● **THE PROBLEM**:
Exactly as written, please repeat the data that follows, but not the pictures.

● **WORKING DATA**:
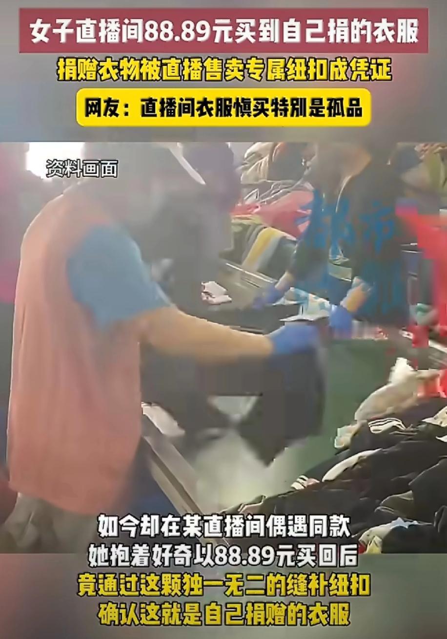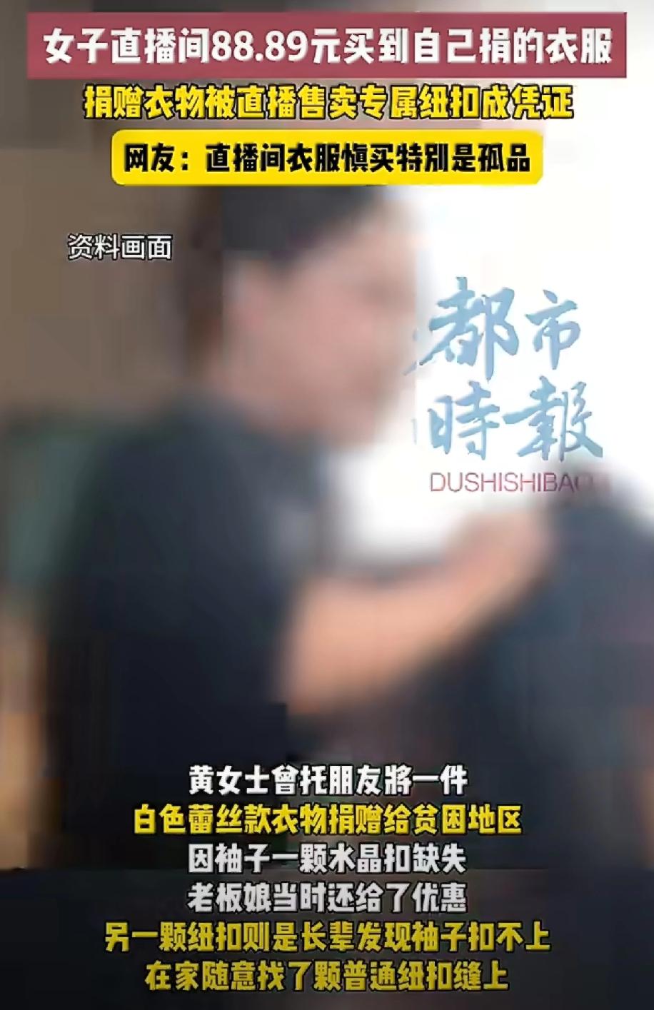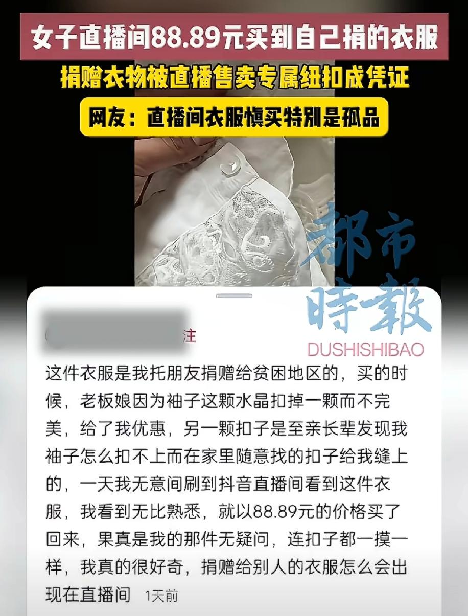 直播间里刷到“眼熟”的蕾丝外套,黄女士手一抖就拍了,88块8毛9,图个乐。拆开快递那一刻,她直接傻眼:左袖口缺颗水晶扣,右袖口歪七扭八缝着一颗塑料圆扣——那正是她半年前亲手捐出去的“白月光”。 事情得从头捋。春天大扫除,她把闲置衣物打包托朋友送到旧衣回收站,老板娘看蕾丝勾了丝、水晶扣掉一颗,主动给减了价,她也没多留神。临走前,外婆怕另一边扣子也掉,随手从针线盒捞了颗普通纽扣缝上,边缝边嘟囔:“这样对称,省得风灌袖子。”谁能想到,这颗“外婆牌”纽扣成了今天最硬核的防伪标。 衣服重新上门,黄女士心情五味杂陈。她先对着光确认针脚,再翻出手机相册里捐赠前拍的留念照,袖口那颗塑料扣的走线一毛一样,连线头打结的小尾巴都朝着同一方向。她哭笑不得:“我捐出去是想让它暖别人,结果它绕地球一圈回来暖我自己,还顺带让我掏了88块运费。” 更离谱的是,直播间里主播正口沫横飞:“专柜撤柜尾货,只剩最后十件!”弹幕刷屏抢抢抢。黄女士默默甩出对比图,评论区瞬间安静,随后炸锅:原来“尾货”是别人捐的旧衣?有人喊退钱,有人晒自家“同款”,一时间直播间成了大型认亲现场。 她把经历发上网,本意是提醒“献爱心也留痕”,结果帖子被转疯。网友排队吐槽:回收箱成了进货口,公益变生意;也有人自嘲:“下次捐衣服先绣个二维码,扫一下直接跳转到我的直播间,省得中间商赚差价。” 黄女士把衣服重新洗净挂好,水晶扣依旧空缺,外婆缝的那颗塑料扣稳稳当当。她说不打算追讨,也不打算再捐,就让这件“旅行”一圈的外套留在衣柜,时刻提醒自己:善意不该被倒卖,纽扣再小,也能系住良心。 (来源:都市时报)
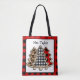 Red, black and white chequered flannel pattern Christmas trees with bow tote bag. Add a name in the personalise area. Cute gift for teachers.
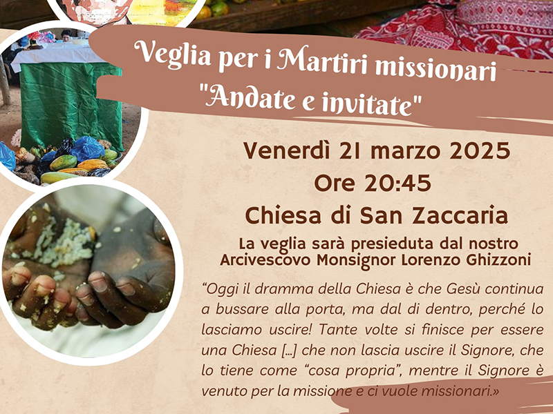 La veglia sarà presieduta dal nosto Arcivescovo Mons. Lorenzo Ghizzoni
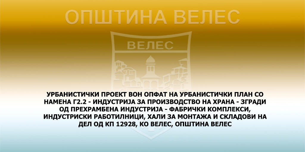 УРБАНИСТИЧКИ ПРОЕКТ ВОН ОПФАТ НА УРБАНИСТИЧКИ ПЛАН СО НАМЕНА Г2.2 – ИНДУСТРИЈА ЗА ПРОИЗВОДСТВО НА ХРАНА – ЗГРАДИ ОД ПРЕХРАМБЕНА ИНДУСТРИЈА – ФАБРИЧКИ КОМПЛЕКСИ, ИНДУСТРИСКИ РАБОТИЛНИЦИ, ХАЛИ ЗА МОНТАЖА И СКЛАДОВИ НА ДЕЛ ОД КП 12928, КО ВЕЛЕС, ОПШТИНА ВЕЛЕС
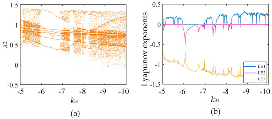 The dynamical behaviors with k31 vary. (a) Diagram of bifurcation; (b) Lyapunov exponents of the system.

● **RESULT OF THE EXERCISE**:
 直播间里刷到“眼熟”的蕾丝外套,黄女士手一抖就拍了,88块8毛9,图个乐。拆开快递那一刻,她直接傻眼:左袖口缺颗水晶扣,右袖口歪七扭八缝着一颗塑料圆扣——那正是她半年前亲手捐出去的“白月光”。 事情得从头捋。春天大扫除,她把闲置衣物打包托朋友送到旧衣回收站,老板娘看蕾丝勾了丝、水晶扣掉一颗,主动给减了价,她也没多留神。临走前,外婆怕另一边扣子也掉,随手从针线盒捞了颗普通纽扣缝上,边缝边嘟囔:“这样对称,省得风灌袖子。”谁能想到,这颗“外婆牌”纽扣成了今天最硬核的防伪标。 衣服重新上门,黄女士心情五味杂陈。她先对着光确认针脚,再翻出手机相册里捐赠前拍的留念照,袖口那颗塑料扣的走线一毛一样,连线头打结的小尾巴都朝着同一方向。她哭笑不得:“我捐出去是想让它暖别人,结果它绕地球一圈回来暖我自己,还顺带让我掏了88块运费。” 更离谱的是,直播间里主播正口沫横飞:“专柜撤柜尾货,只剩最后十件!”弹幕刷屏抢抢抢。黄女士默默甩出对比图,评论区瞬间安静,随后炸锅:原来“尾货”是别人捐的旧衣?有人喊退钱,有人晒自家“同款”,一时间直播间成了大型认亲现场。 她把经历发上网,本意是提醒“献爱心也留痕”,结果帖子被转疯。网友排队吐槽:回收箱成了进货口,公益变生意;也有人自嘲:“下次捐衣服先绣个二维码,扫一下直接跳转到我的直播间,省得中间商赚差价。” 黄女士把衣服重新洗净挂好,水晶扣依旧空缺,外婆缝的那颗塑料扣稳稳当当。她说不打算追讨,也不打算再捐,就让这件“旅行”一圈的外套留在衣柜,时刻提醒自己:善意不该被倒卖,纽扣再小,也能系住良心。 (来源:都市时报)
 Red, black and white chequered flannel pattern Christmas trees with bow tote bag. Add a name in the personalise area. Cute gift for teachers.
 La veglia sarà presieduta dal nosto Arcivescovo Mons. Lorenzo Ghizzoni
 УРБАНИСТИЧКИ ПРОЕКТ ВОН ОПФАТ НА УРБАНИСТИЧКИ ПЛАН СО НАМЕНА Г2.2 – ИНДУСТРИЈА ЗА ПРОИЗВОДСТВО НА ХРАНА – ЗГРАДИ ОД ПРЕХРАМБЕНА ИНДУСТРИЈА – ФАБРИЧКИ КОМПЛЕКСИ, ИНДУСТРИСКИ РАБОТИЛНИЦИ, ХАЛИ ЗА МОНТАЖА И СКЛАДОВИ НА ДЕЛ ОД КП 12928, КО ВЕЛЕС, ОПШТИНА ВЕЛЕС
 The dynamical behaviors with k31 vary. (a) Diagram of bifurcation; (b) Lyapunov exponents of the system.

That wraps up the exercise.